We went down to the study and sat at the fireside. After a while I said, “Maybe you’re right. Perhaps I should hand her over to an institution.”
“There’s no hurry,” said Dorothy (which surprised me a little) .
She was smiling at me with trustful affection.
“I’m wondering whether the passage of time…” I began.
She interrupted me. “Wait and see. Mind you, in any case…”
She seemed uncertain whether to go on. I said, “Well?” and she continued:
“In any case—whatever progress she makes—to whom could you show her afterwards? You’ll have taken a lot of trouble for nothing.”
“What do you mean: to whom?”
“Well, I mean, she’s not one of our sort.”
I suppose my eyes must have expressed my blank incomprehension.
“I mean you’ll only be able to present her as a freak,” she went on, a little crossly. “Not as a relative, or even a friend.”
“Why ever not?” I was amazed.
“Well, it would shock people.”
“For heaven’s sake, do explain!” I cried impatiently.
“She has a pretty skin, but it’s amber-colored. Her eyes are fine, but black as jet. Her eyelids are almond-shaped, and her cheeks like apricots…”
“Are you composing a poem or a still life?”
“In a word, she is an Asiatic, my boy. I suppose foxes must have come originally from Asia. She looks as if she were born in India or Annam.”
“With red hair?”
She pursed her lips ironically, and said, “Some misalliance, perhaps…”
I was rather taken aback. I had thought myself that Sylva had a vaguely exotic look, but not to that extent… If this were so, there would indeed be some rebuffs coming to me on the day I tried to introduce a “native” among the gentry. I wanted to get this straight at once. “Let’s go and see her,” I said.
We went upstairs again. We found Sylva asleep, snuggled up in an armchair, her face still smeared with egg. We could thus scrutinize her for a long moment; then we withdrew as quietly as we had come and I closed the door.
“You must admit you’ve exaggerated,” I said at once.
“You don’t agree with me?”
“I won’t say there isn’t a little something. But from there to…”

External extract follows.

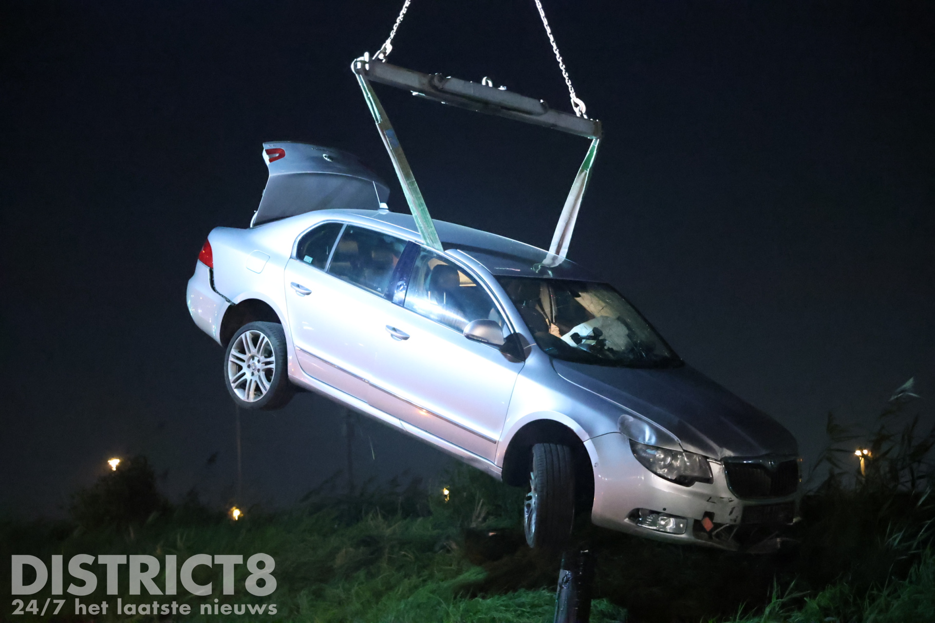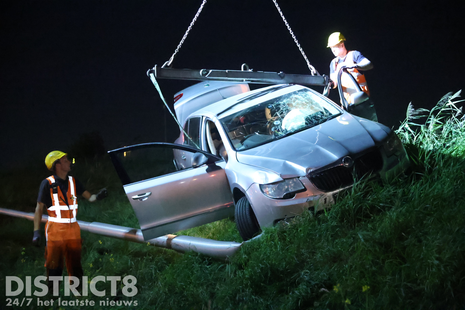 Een berger komt ter plaatse om de auto achter de vangrail vandaan te halen. De provincie is op de hoogte gebracht van de schade die is ontstaan bij de aanrijding.

“Little or not, isn’t it too much already?”
“I didn’t know you were so particular,” I said with astonishment.
“Me? I adore Indians—Gandhi, Krishnamurti, Tagore… But everyone in his place, don’t you think?”
“I think she looks a bit like the Duchess of Melcombe,” I persisted.

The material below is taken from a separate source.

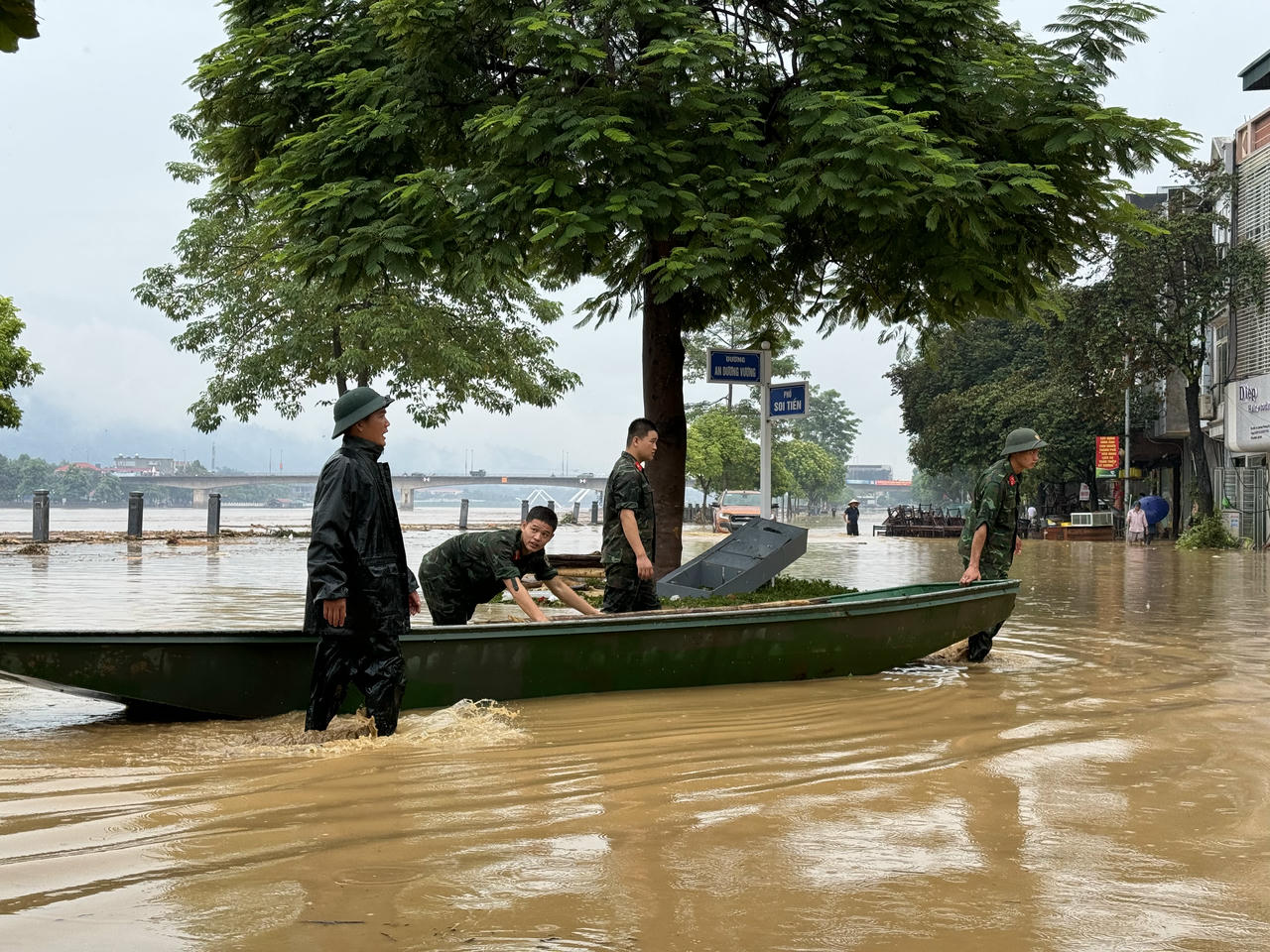 Lực lượng Quân đội được huy động để cùng người dân khắc phục hậu quả sau lũ.

“Everyone knows that the duchess’s mother was on the best of terms with I don’t know what Maharajah.”
“Well then, as you said yourself: some misalliance—like the Duchess of Melcombe. Not worth talking about.”

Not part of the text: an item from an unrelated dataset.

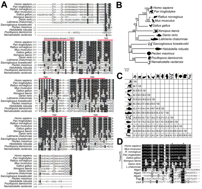 Figure 1—figure supplement 1. Evolutionary comparison of Tmem79 proteins in vertebrates, protostomes, and cnidarians.(A) ClustalW alignment of TMEM79/Tmem79 proteins from human (Homo sapiens), chimpanzee (Pan troglodytes), rat (Rattus norvegicus), mouse (Mus musculus), chicken (Gallus gallus), frog (Xenopus laevis), zebra fish (Danio rerio), coelacanth (Latimeria chalumnae), hemicordate (Saccoglossus kowalevskii), great scallop (Pecten maximus), leech (Helobdella robusta), cauliflower coral (Pocillopora damicornis), and sea anemone (Nematostella vectensis). Black and grey represent identical and conservative amino acid residues, respectively. Note that the amino terminus before the transmembrane domain 1 (TM1) is poorly conserved and shown only partially. The predicted Tmem79 of Nematostella vectensis appears to lack the 5th transmembrane domain (TM5) that is present in other species listed. Accession numbers for the Tmem79 sequences in the alignment are listed in Materials and methods section. (B) The phylogenetic tree showing homology among Tmem79 proteins from species presented in A based on Neighbor-Joining phylogenetic methods. Distances in the cladogram are derived from amino acid substitutions. (C) Orthologous comparisons of identity of Tmem79 proteins among species listed in A using ClustalW alignment. (D) ClustalW alignment of vertebrate TMEM79/Tmem79 proteins from human, chimpanzee, rat, mouse, chicken, frog, zebra fish, and coelacanth with mouse MAPEG family members Mgst1, Mgst2, Mgst3, Flap and Ltc4s (Emrick et al., 2018; Saunders et al., 2013). Asterisk indicates two conserved residues within the region of limited sequence similarity corresponding to mouse Tmem79 R332 and Y339. |

“As you like, dear boy. But I’ve warned you.”
The tone adopted by each of us was courteous but a trifle sharp. I had not liked those remarks. To be sure, everyone in his place or society will go to pot, but all the same, I don’t support the theories of that little Frenchman—what’s his name?—Gobineau or Gobinot. We mustn’t exaggerate.[2]
To make a diversion, I suggested going for a walk. As soon as Sylva was not involved, we rediscovered our mutual sympathy, a warm affection and a tenderness of long standing which went straight to my heart. We spent an exquisite hour wandering through the woods. On our way back, tired with walking, she let herself lean lightly on my arm. Was I so sure, after all, that I was no longer in love with her?
2
These remarks strike me today as rather tepid. But in those days the very word “racialism” had not yet been heard of, Hitler was an unknown prisoner of the Weimar Republic, and everyone in this respect thought more or less along Kipling’s lines. How things have changed since!